**Directions**.
I'd like an exact copy of only the lines from the start of the listing below through the line that holds "Na povrchu zeměkoule". Please keep the pictures out.

**Data extract**.
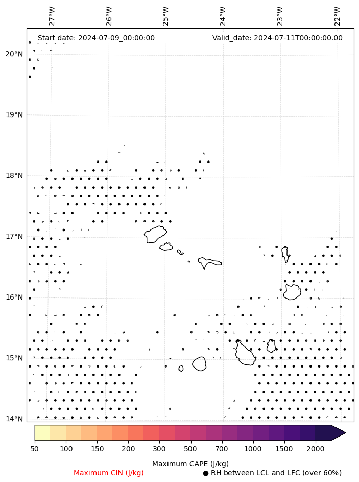 • Maximum CAPE (J/Kg)
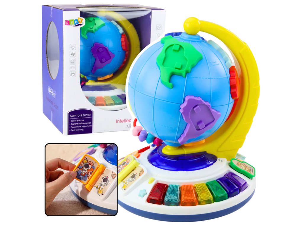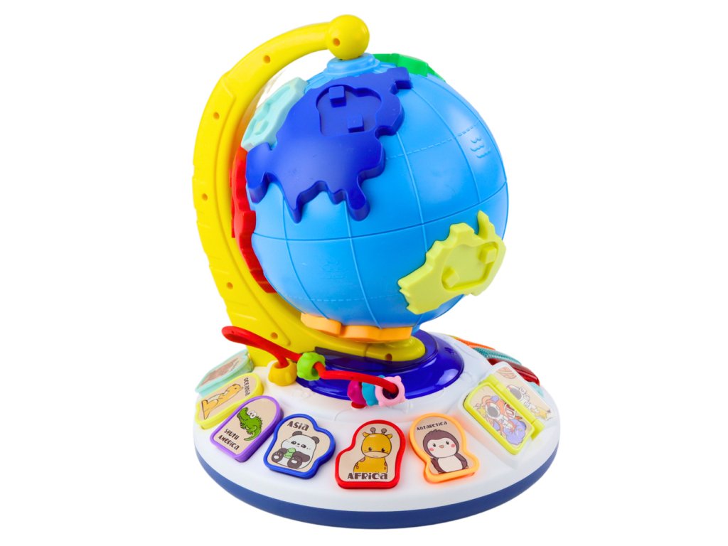 Na povrchu zeměkoule se nachází 7 barevných, odnímatelných bloků představujících kontinenty s natištěnými roztomilými zvířátky charakteristickými pro daný region. Po jejich umístění na správná místa dítě uslyší název kontinentu, jméno zvířete a jeho realistický zvuk - je to skvělý způsob, jak se učit zeměpis a rozvíjet sluch a paměť.
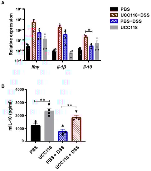 We hypothesised that the protective effect of UCC118™ against intestinal inflammation might be mediated by the mucosal immune response. Colonic tissue of the mice from control and DSS treatment groups was analysed for the expression of key cytokines. Interferon-γ and interleukin-1β expression were similarly expressed in the PBS +DSS and UCC118 + DSS groups; however, interleukin-10 expression was significantly upregulated by UCC118™ compared to PBS (Figure 3A). A similar increase in IL-10 gene expression was also observed at baseline after 7 days of UCC118™ treatment, though IL-10 levels measured by ELISA remained unchanged (Supplementary Figure S2). IL-10 protein levels in the DSS-treated cohort were determined by ELISA. ELISA showed a significant upregulation of IL-10 in the UCC118™-alone mice compared to PBS control mice (Figure 3B). Similarly, UCC118 + DSS mice showed higher levels of IL-10 in colonic tissue compared to PBS + DSS mice (Figure 3). These results suggest that the protective effect of UCC118™ against colitis might derive from the upregulation of the anti-inflammatory cytokine IL-10.

**Answer box**.
 • Maximum CAPE (J/Kg)
 Na povrchu zeměkoule se nachází 7 barevných, odnímatelných bloků představujících kontinenty s natištěnými roztomilými zvířátky charakteristickými pro daný region. Po jejich umístění na správná místa dítě uslyší název kontinentu, jméno zvířete a jeho realistický zvuk - je to skvělý způsob, jak se učit zeměpis a rozvíjet sluch a paměť.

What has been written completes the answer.